*RECORDS PROVIDED*.
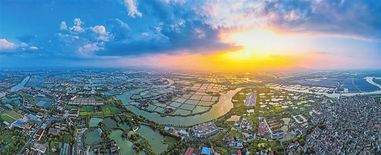 在南浔区和孚镇荻港村,千年桑基鱼塘近日沐浴在晚霞中,仿佛一幅美丽画卷。记者 吴拯 摄
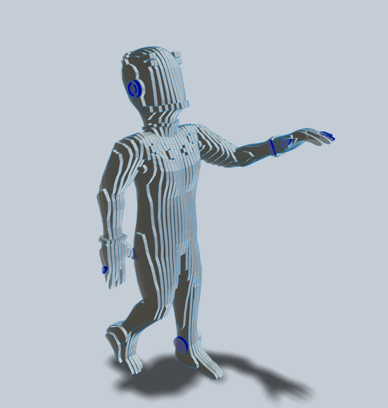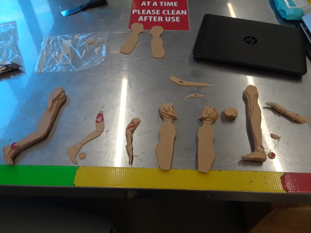I am blown away by the time your are putting into each aspect if this project so that it comes out just as planned. I am noticing many circular shapes located at joints, are these mechanisms to make the limbs of your figure move or are they apart of the astronaut suit’s details? In my opinion this project is really cool, I can’t wait to see it al come together, and I think a wave pattern under the figure would be a great way to make him the center of the project.
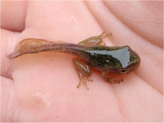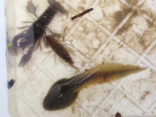 【左】アメリカザリガニ、オタマジャクシ 【中】手足の出たオタマジャクシ  【右】カワニナ
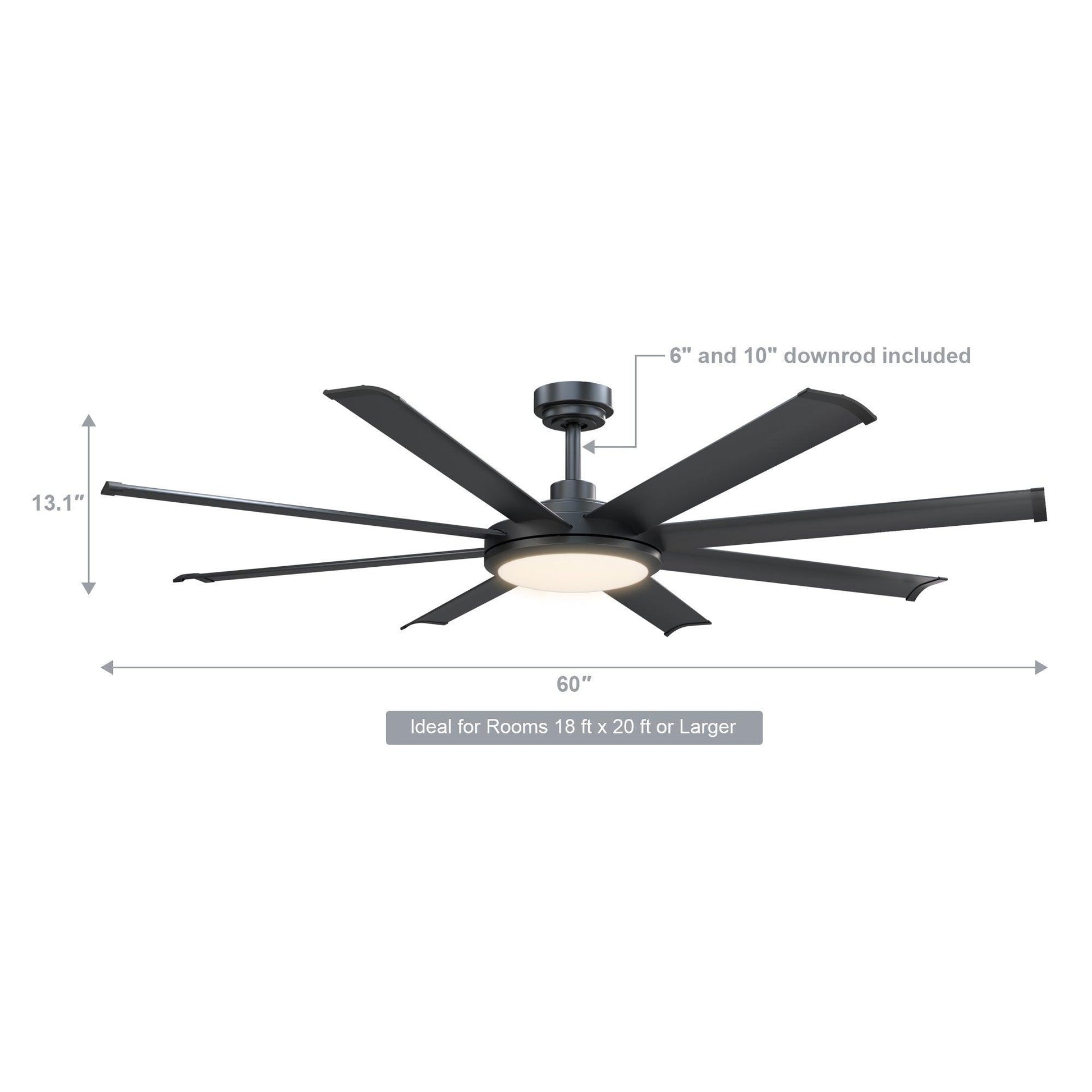 60" Black Led Indoor Ceiling Fan With Remote 8 Blade
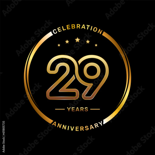 Fototapeta premium 29th anniversary logo with double line number style and gold color ring, logo vector template
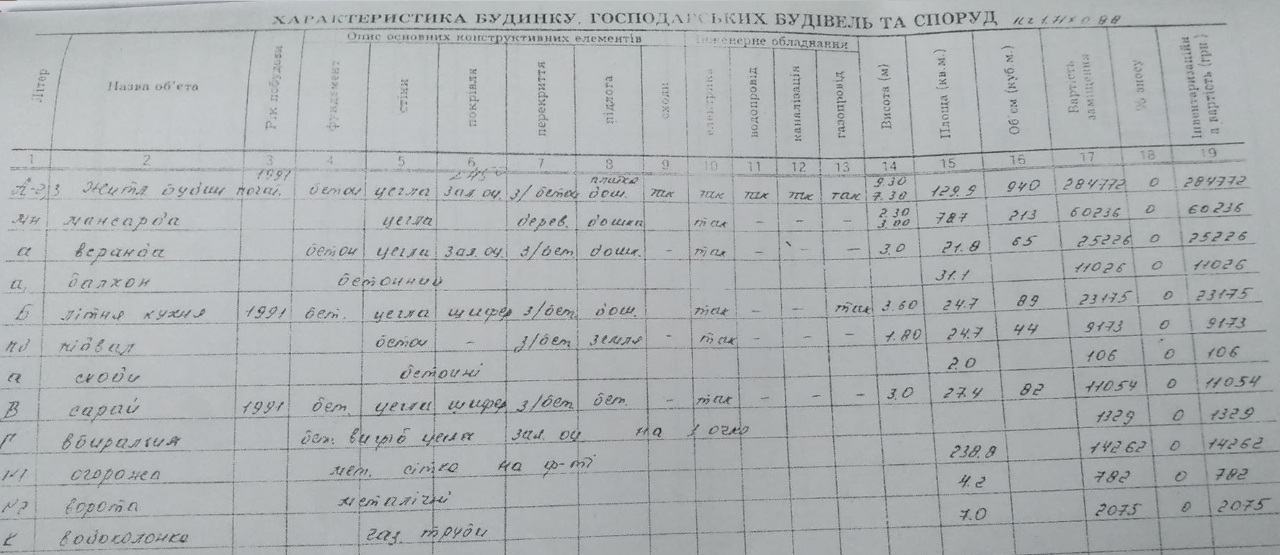 Будинковолодіння заг.пл. 322.0 кв.м., житловою площею 120.3 кв.м., літня кухня Б, сарай В, вбиральня Г, огорожа 1, ворота 2, водо колонка К, реєстраційний номер майна - 18132591, та земельна ділянка пл. 0.15 га для будівництва та обслуговування житл.буд., к.н. 4625380900:01:017:0006, за адресою: Львівська обл., Стрийський р., с. Добрівляни, вул. Довга, 28л. Трьохповерховий будинок який складається з: 1-ий поверх: коридор – 9,4кв.м., хол – 26,7кв.м., кухня – 10,7кв.м., кладова – 6,3кв.м., кухня-їдальня – 16,0кв.м., коридор – 1,1кв.м., туалет – 1,8кв.м., ванна – 7,1кв.м., котельня – 4,9кв.м., коридор – 5,1кв.м., гардеробна – 6,9кв.м., гараж – 18,1кв.м., 2-й поверх: коридор – 28,0кв.м., житлова кімната – 11,5кв.м., житлова кімната – 23,1кв.м., кладова – 5,5кв.м., житлова кімната – 21,0кв.м., ванна – 14,6кв.м., 3-й поверх: коридор – 7,3кв.м., більярдна – 29,4кв.м., кладова – 12,2кв.м., коридор – 4,4кв.м., житлова кімната – 14,7кв.м., житлова кімната – 20,6кв.м., кладова – 5,4кв.м., кладова – 10,2кв.м. Літня кухня площею 24.7 кв.м., підвал - 24.7 кв.м., сарай - 27.4 кв.м. Рік побудови будинку 1991. Матеріал стін - цегла. Фундамент - бетон. Покрівля - бляха оцинкована/шифер. Перекриття - залізобетон/дерево. Будинок обладнаний електро-, газо-, водопостачанням, каналізацією. Огорожа виконана з металевої сітки, ворота металеві, водоколонка - труби.
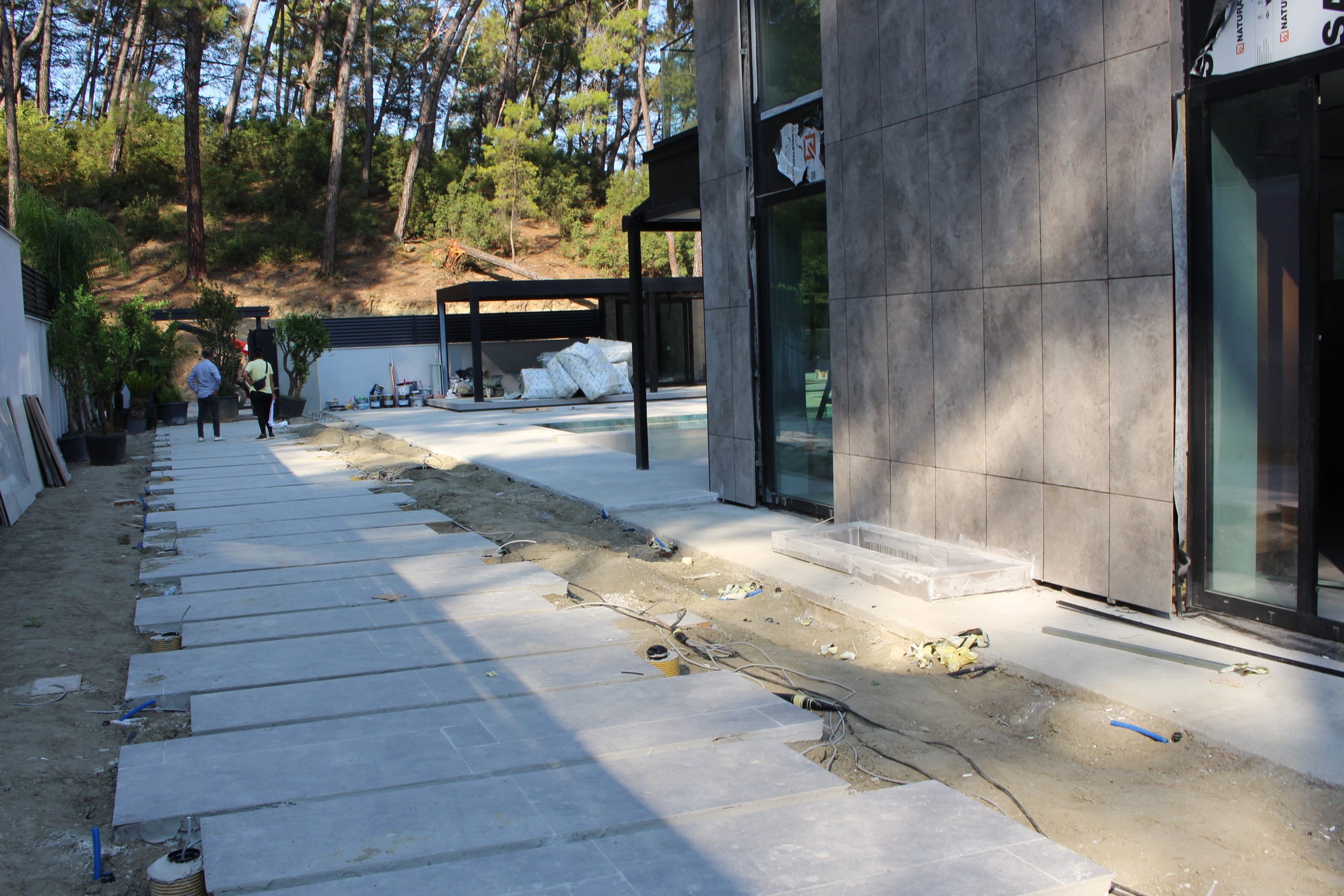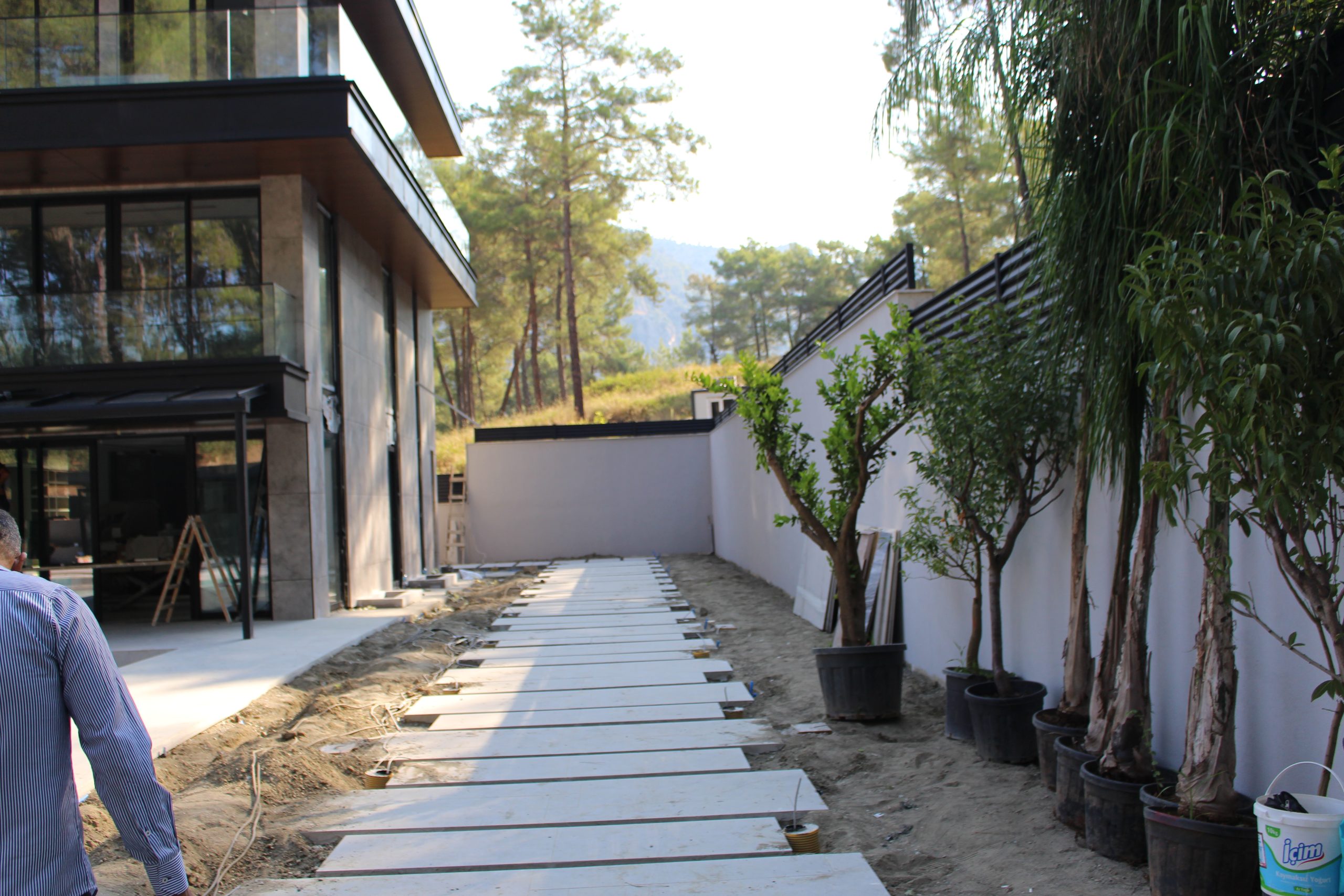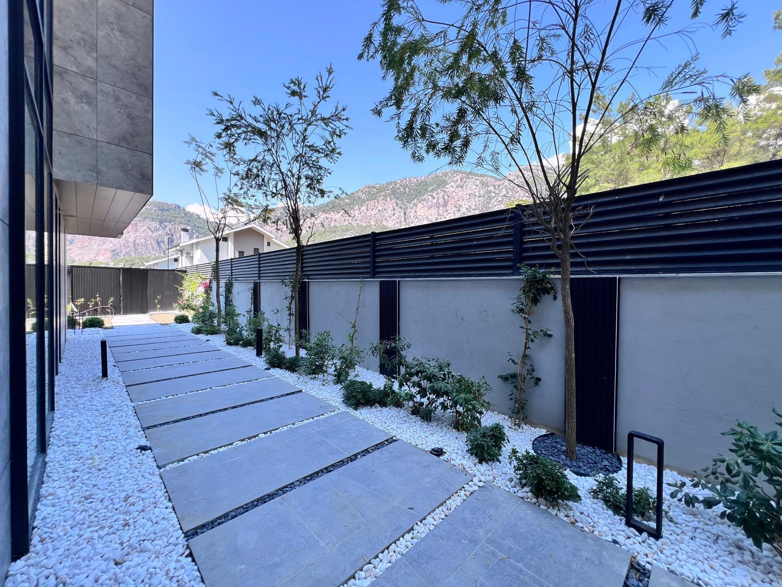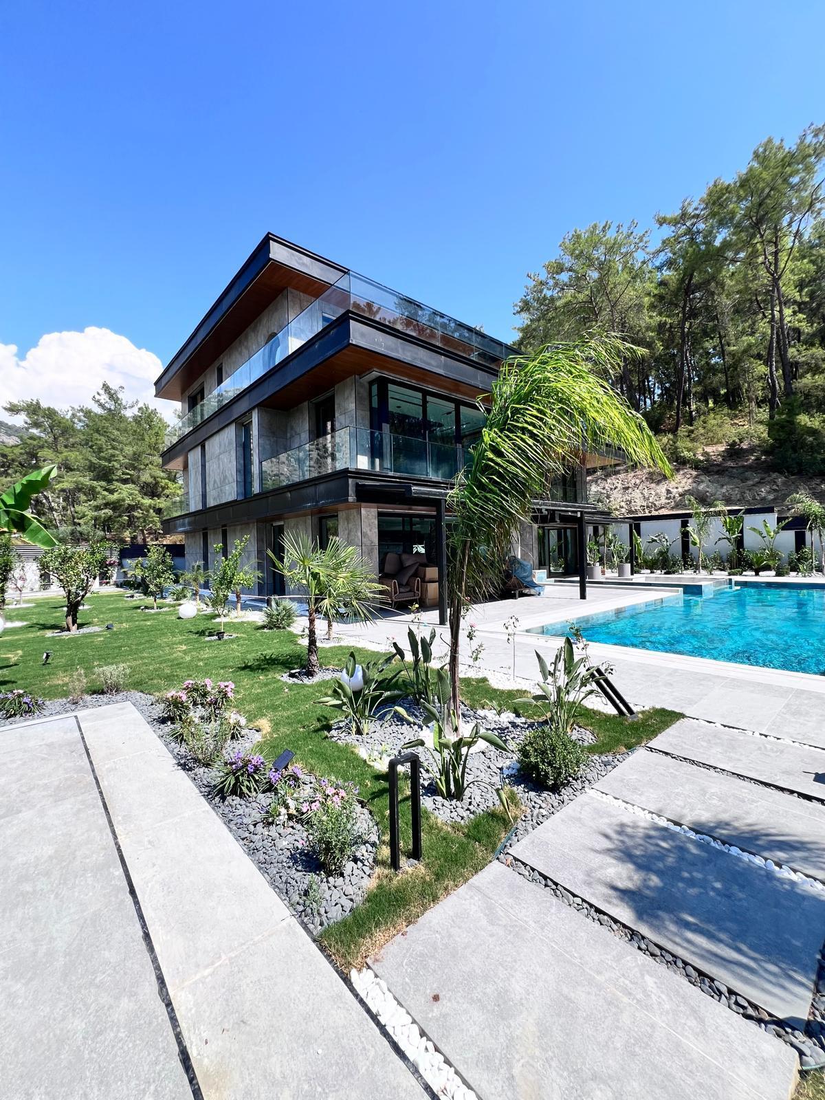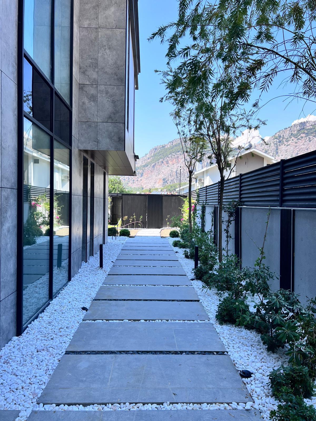 Göcek’in en güzel köşelerinden birinde yer alan bu villa, özenle hazırlanmış bir proje çizimi ile hayat bulmuş ve ardından uygulama aşamasına geçilmiştir. Tasarımda tropikal bitkiler ön planda tutulmuş; dev cennet kuşu çiçeği, ficus bonsai, zeytin bonsai, kraliçe palmiyesi, sicas, cüce hurma, tilki kuyruğu palmiyesi, altınfıçı kaktüsü ve kaya kaktüsü gibi zengin bir bitki çeşitliliği kullanılmıştır. Bahçenin bir kısmı görsel bir cennet olarak tasarlanırken, diğer bölümü meyve bahçesi olarak düzenlenmiştir. Havuz başındaki saksı bitkileri, bu alanı daha da zenginleştirmiştir. Meyve bahçesinin yanında, yemyeşil bir çim alan oluşturulmuş, pomza, bazalt ve dolamit taşları ile estetik bir düzenleme sağlanmıştır. En son olarak, rulo çim serimi ile hayal edilen bahçe tamamlanmış ve müşteriye teslim edilmiştir. Bu proje, doğayla iç içe huzurlu bir yaşam alanı sunmaktadır.
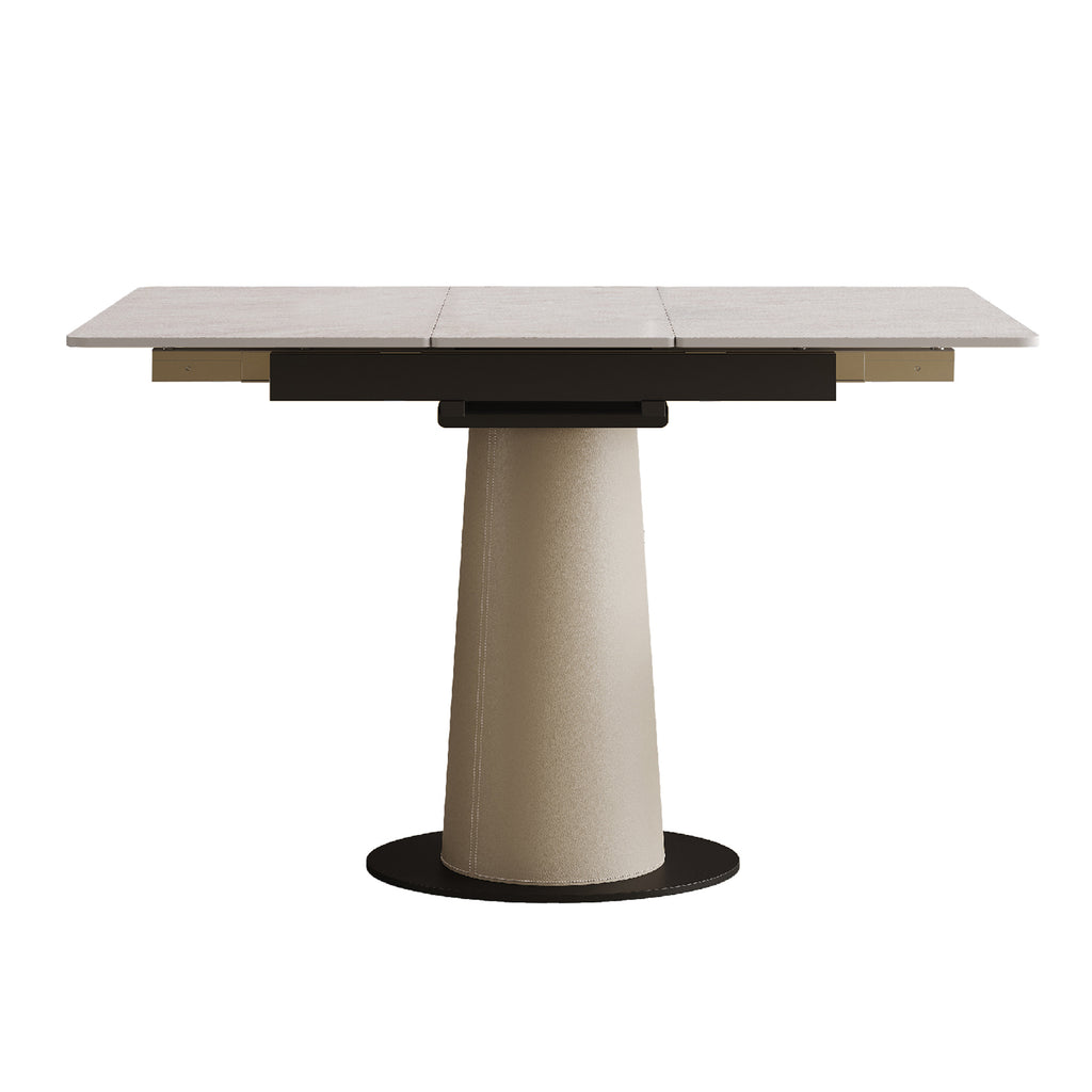 Retractable Rock Slab Folding Dining Table, Modern Square Expandable Table with Leather-Wrapped Stainless Steel Base, Dual-Purpose Space Saving Kitchen Table for Small Apartments
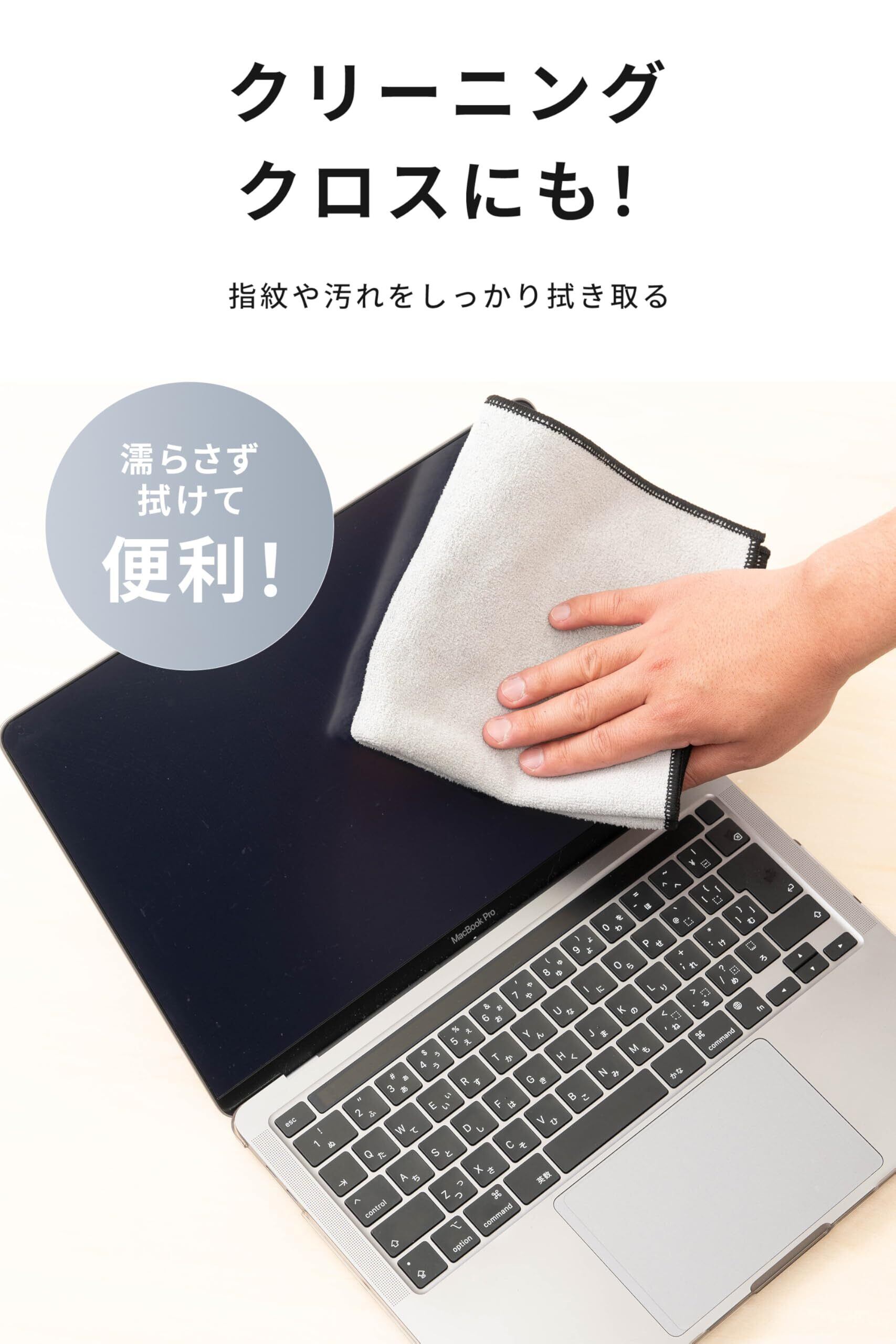 「ピタッと密着する特殊な素材が、カメラやPCをしっかりと保護し、傷や汚れから守ります。さらに、クリーニングクロスとして使用すれば、レンズや画面を清潔に保つことができ、視界をクリアに保つことができます。」

*TASK STATEMENT*. Work from the entries above. Set down exactly and only the lines from the line with "I am blown away" to the line with "Remote 8 Blade", both included, and leave the pictures out.

*SOLVED EXERCISE*.
I am blown away by the time your are putting into each aspect if this project so that it comes out just as planned. I am noticing many circular shapes located at joints, are these mechanisms to make the limbs of your figure move or are they apart of the astronaut suit’s details? In my opinion this project is really cool, I can’t wait to see it al come together, and I think a wave pattern under the figure would be a great way to make him the center of the project.
 【左】アメリカザリガニ、オタマジャクシ 【中】手足の出たオタマジャクシ  【右】カワニナ
 60" Black Led Indoor Ceiling Fan With Remote 8 Blade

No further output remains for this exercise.